E, embora ele interesse precipuamente à comunidade católica, sua repercussão se estendeu além desses limites a mostrar que há coisas que não se exprimem por números, nem se aferem como se apuram bens materiais. É o que vem acontecendo, envolvendo setores confessionalmente desligados do pontífice resignatário. Com efeito, divulgada a renúncia do Vigário de Roma, não cessaram as manifestações por parte de cristãos e não cristãos, crentes ou incréus. Um dos primeiros a lastimar o afastamento de Bento XVI do cenário internacional foi o primeiro-ministro da Inglaterra, país que tem uma igreja própria na qual a rainha detém a suprema autoridade.
Para não desprezar a prata de casa, lembro que após a República, com a separação da Igreja do Estado, houve quem postulasse a extinção da legação que o Brasil mantinha junto à Santa Sé, e Rui Barbosa disse que também fora dessa opinião, contudo, o tempo e a maior experiência fizeram com que ele mudasse e o Brasil continuou a manter a legação, hoje embaixada, junto ao Vaticano. Tudo isso é sabido, assim como a declaração inicial do resignatário, "fiz isso em plena liberdade para o bem da Igreja, depois de ter rezado por muito tempo e ter examinado diante de Deus a minha consciência", se ele se limitasse a aludir à fragilidade de suas forças já inferiores à magnitude dos problemas a enfrentar, a renúncia teria outro alcance, mas ele aditou alguns dados que vieram a lhe dar indisfarçável relevo. Se as palavras dizem respeito à comunidade eclesial, não deixam de interessar à comunidade internacional, como vem interessando amplamente. E quando declara pensar em particular nas pessoas contra a unidade da Igreja, nas "divisões do corpo eclesial", que "desfiguram a Igreja", "na hipocrisia religiosa", estão a indicar a formidável dimensão dos problemas inerentes aos fatos alinhados, e ao despedir-se dos sacerdotes romanos declarou que a Igreja necessita de "verdadeira renovação". De outro lado, pode-se imaginar a dramática situação do sucessor de São Pedro que o levou a despojar-se da investidura sem paralelo.

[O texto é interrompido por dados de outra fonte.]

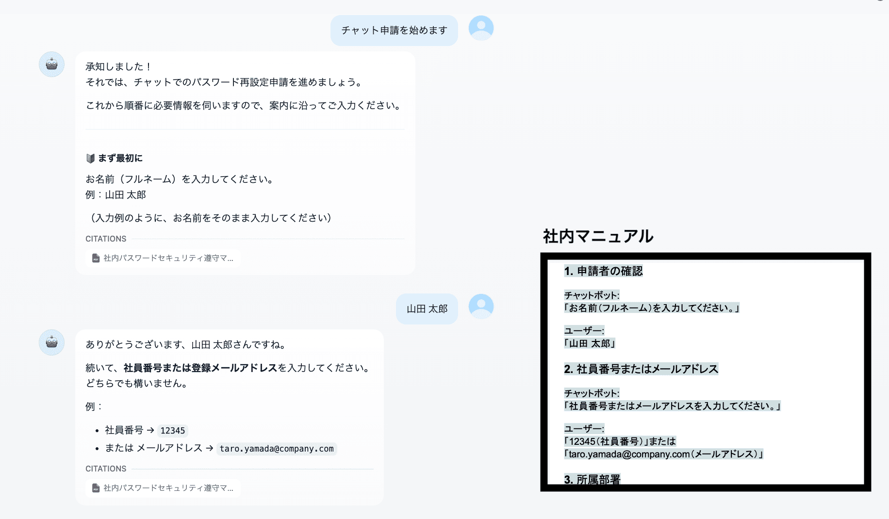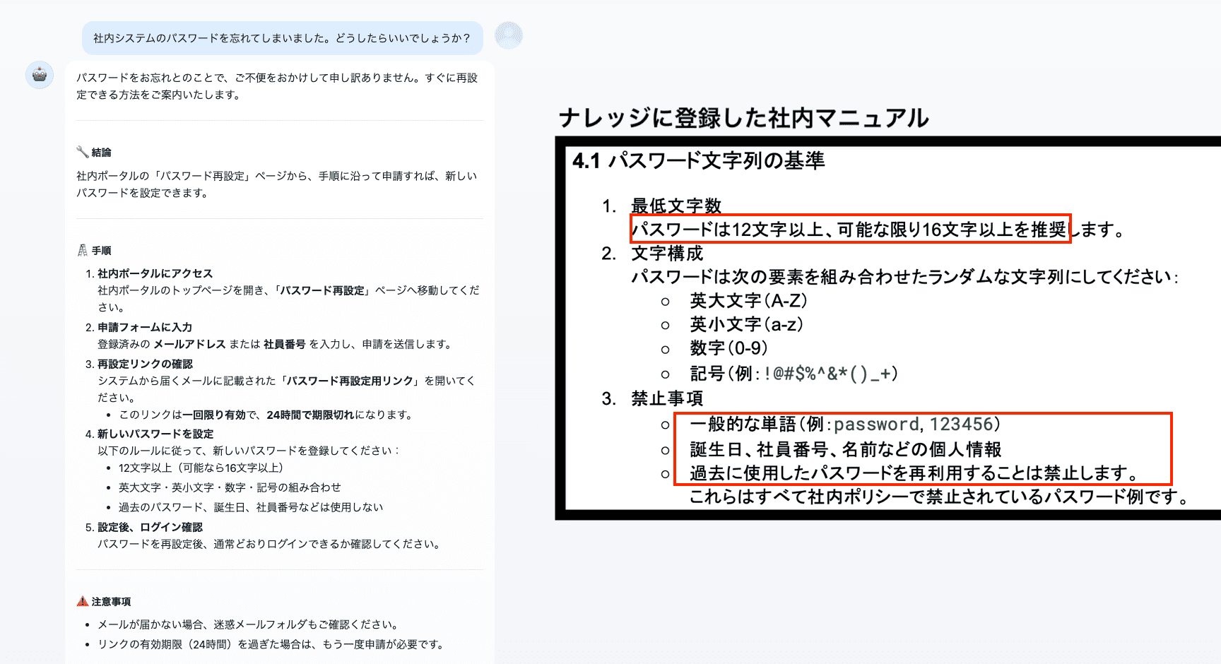 ここでは、情シス担当者が社員から寄せられる「パスワード忘れ」などの質問に対し、社内マニュアルを参照して即座に回答し、解決率を向上させることを目的としています。

Enfim, se a fragilidade física é real, também parece inegável que os sofrimentos espirituais de que padece o Sumo Pontífice não sejam quiçá menos dolorosos. Aliás, há fatos notórios, ocorridos em mais de um lugar da cristandade, que devem ser mortificantes para uma pessoa da espiritualidade do Servo de Cristo mais que "a disputa de poder", de que se fala, tanto mais quando ele era pela limpeza exemplar que entendia imperioso realizar e que não teve como praticar no que se refere à mancha da pedofilia.
Por tudo isso, penso que no ato da renúncia, pela qual se desinvestiu das insígnias supremas, o Santo Padre praticou o que podia cometer ao sentir-se impedido de concretizar ato de ofício. Penso que o gesto está impregnado de fidelidade e coragem e será sempre lembrado, pois ele se prende à necessidade da "verdadeira renovação da Igreja" segundo suas palavras.